8:16. Baby girl. Mr. Villanueva. Pictures. Did you see the game?
These are the words I remember hearing on the morning of May 24th, 2016. Thanks to a cocktail of anesthetics and relaxers, my little Alina’s birth was quite a blur, at least from my side of the table. My mind fought to make sense of the blurry surroundings and the nonsensical words floating about. Little did I know that I had given birth to a healthy baby girl.
She was born at 8:16 AM. And with all the commotion, the doctor and nurses had to remind my nervous husband to take pictures. I remember the pressure, the tugging, and the constant chatter. The latter of the phrases, which is what confused me to begin with, had to do with a conversation my doctor was having with his partner as they sewed my insides together.
After the longest three hours of my life, I was wheeled from recovery into a private room to wait even longer to meet my baby. The room was cold, uninviting, and lonely. I had hoped to see my husband standing there, but no. I was greeted by a worn out couch, a somewhat recognizable television, and your typical 1990’s Home Interior painting of a woman in a garden. After a few minutes of awkward silence between me and this woman in a garden, I call to find both my mother and husband enjoying a delicious Mexican lunch at Fonda Don Martin. I, on the hand, feasted on a “filling” beef broth accompanied with a side of green jello. Seriously now. Green jello! That’s the worst of all jello. Damn hormones had me emotionally all over the place. I was sad, upset, annoyed, frustrated, and lonely. And then, as if God knew I needed a little break, there came a knocking.

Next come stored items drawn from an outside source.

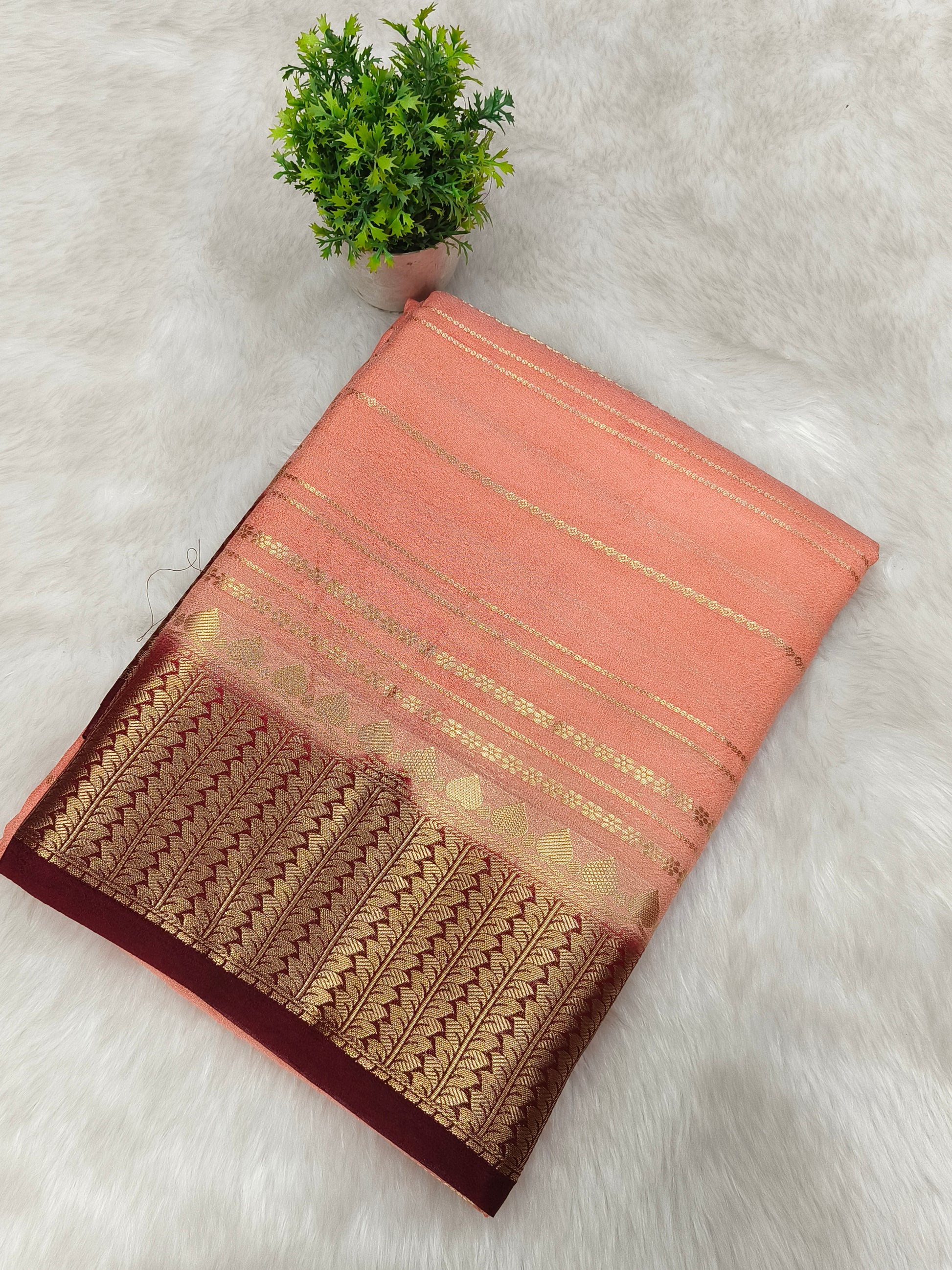 Peach With wine semi Mysore crepe silk saree
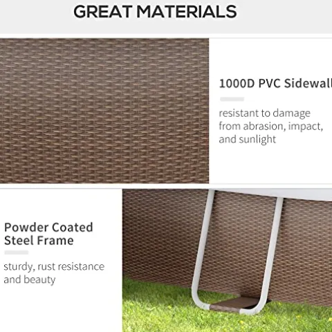 - Semi-Inflatable Pool: The walls of our rectangular pool are made of 1000D PVC with an interlayer mesh. This reinforcing mesh makes the pool puncture-proof and outdoor-ready with only the outer ring requiring inflation.
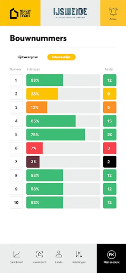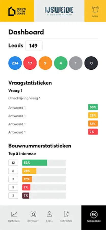 With NieuwbouwLeads you have full control over the sale of all your new construction projects in one simple and user-friendly system. NieuwbouwLeads gives you 24/7 insight into the housing requirements and customer information of your leads, optants and buyers of your new construction projects.
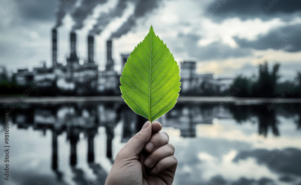 Hand holding a vibrant green leaf, clear reflection of industrial pollution in the background, symbolizing the contrast between genuine environmental efforts and deceptive greenwashing #981659495

There she was. My little Alina being wheeled in. I remember feeling excited and happy. The scene was nostalgic, and it brought back memories of my first child’s birth. And as the nurse tightened the blanket around my baby girl, and the memories of Caleb, my first-born, as a baby, began to flood my thoughts the room began to darken. A wave of anxiety suddenly hit me as I began to fret.
Will I love her as much? Would I love my son less? How am I suppose to love both of them? I truly couldn’t fathom how I could love anyone as much as I love him. My mother always told me that she loved both my sister and me, yet I couldn’t see how one’s love could be divided like that. One day you’ll understand. One day you’ll have your children to love unconditionally. I struggled to control my emotions as the nurse placed the little bundle in my arms. I adjusted my storm-tossed body to get a better hold of her, and as I looked down and saw the most angelic face a mother could behold my anxiety faded away. It was in that moment that I finally understood. It isn’t that love is divided among children. No, love is not divided. Love is multiplied. Love is manifold. I sat there forgetting about the pain, the hunger, the all around emptiness of the room, and fell in love all over again. I knew I loved her since the moment the pregnancy test read positive, but it wasn’t until her warmth embraced me that I knew that there wasn’t a thing in this world that I wouldn’t do for this child…for both my children.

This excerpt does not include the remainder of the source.